Безбилетники — страница 117 из 119

«Это ангел! Со мной произошло чудо! Господь слышит меня!» – Его душа затрепетала от радости.

В церкви его ровесников не было, а со старухами было сложно найти общий язык. Они знали, когда нужно петь, а когда следует стать на колени, но не могли ответить на его вопросы о вере и о Боге. Это было так не похоже на тот монастырь. От пожилых прихожанок, как ему казалось, веяло не просветленным животворящим знанием, а дремучим суеверным страхом, перемешанным с каким-то липким, неприятным подобострастием.

Иногда он ловил себя на мысли, что тяготится ранними воскресными службами, что хочет вернуться туда, в простоту и наивность своего дохристианского бытия. Но Церковь поила его душу чем-то таким, от чего он уже не мог, не был готов отказаться. Иногда, вспоминая свою жизнь, он ужасался грубости и лукавству, внутренней кособокости своего тогдашнего устроения, которое увидел только сейчас, и с которым так легко уживался раньше.

Ему помог случай. Как-то раз после службы их священник, отец Михаил, которого местные бабушки почитали за святого, заканчивая проповедь, сказал:

– Братия и сестры! К нам приехал главный бес! Не допустим поругания нашего богоспасаемого города!

Оказывается, их город решил посетить известный экстрасенс Кашпировский.

В нужный час православные собрались у местного Дворца культуры – помпезного здания с колоннадой, стилизованного под греческий храм. Поток людей с иконами и хоругвями, распевая молитвы, медленно кружил вокруг ДК, чтобы не допустить внутрь известного целителя. Егор, распевая молитвы, плыл вместе со всеми. Неподалеку от него толкались двое молодых семинаристов.

– В нем одно постижимо – его беспредельность и непостижимость, – вполголоса, чтобы не мешать другим петь, говорил один. – Поскольку он превыше всего существующего, то катафатически говорить о нем невозможно.

– Безусловно, ведь ортодоксия есть прежде всего ортономия и ортопраксия. Что в переводе с греко-афонского означает: православие есть правомыслие и праводелание, – соглашался другой. – Поэтому увидеть Божественный мрак можно, лишь достигнув высшей ступени святости, то есть преодолев все мистические озарения и небесные звуки.

В это время ко Дворцу культуры подъехал черный «мерседес», и из него, в сопровождении двух крепких людей, вышел знаменитый экстрасенс. Поток верующих перемешался, часть из них бросилась к центральному входу и заблокировала вход. У машин тем временем тоже поднялась метушня. Сеанс группового исцеления оказался под угрозой.
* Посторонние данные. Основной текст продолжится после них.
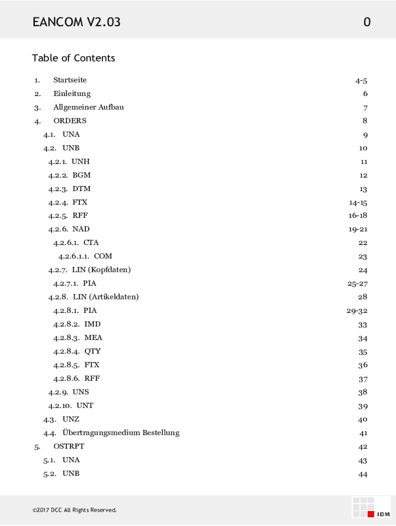 EANCOM V2.030Table of Contents 1.Startseite2.Einleitung63.Allgemeiner Aufbau74.ORDERS84.1. UNA94.2. UNB104.2.1. UNH114.2.2. BGM124.2.3. DTM134.2.4. FTX14154.2.5. RFF16184.2.6. NAD19214.2.6.1. CTA

Том бросился к тяжелым дубовым дверям Дворца.

– Освободите проход! – послышалось изнутри: ее пыталась открыть администрация ДК.

– Пропустите! – Я Кашпировский! – Экстрасенс под прикрытием охраны уже продирался ко входу.

– У неоплатоников сфера бытия даже на самых высоких ступенях обязательно множественна, в ней нет простого первопринципа! – Рядом кряхтел один молодой человек, не давая двери открыться. – Поэтому и Бог у них непостижим: душа, касаясь какого-либо предмета, игнорирует все остальное.

– Безусловно, Бог Откровения не есть Бог философов! – отвечал ему второй семинарист, прикрывая собой узкий проход у ближайшей к двери колонны. – Святой Григорий Нисский вообще говорил: всякое приложимое к Богу понятие есть идол!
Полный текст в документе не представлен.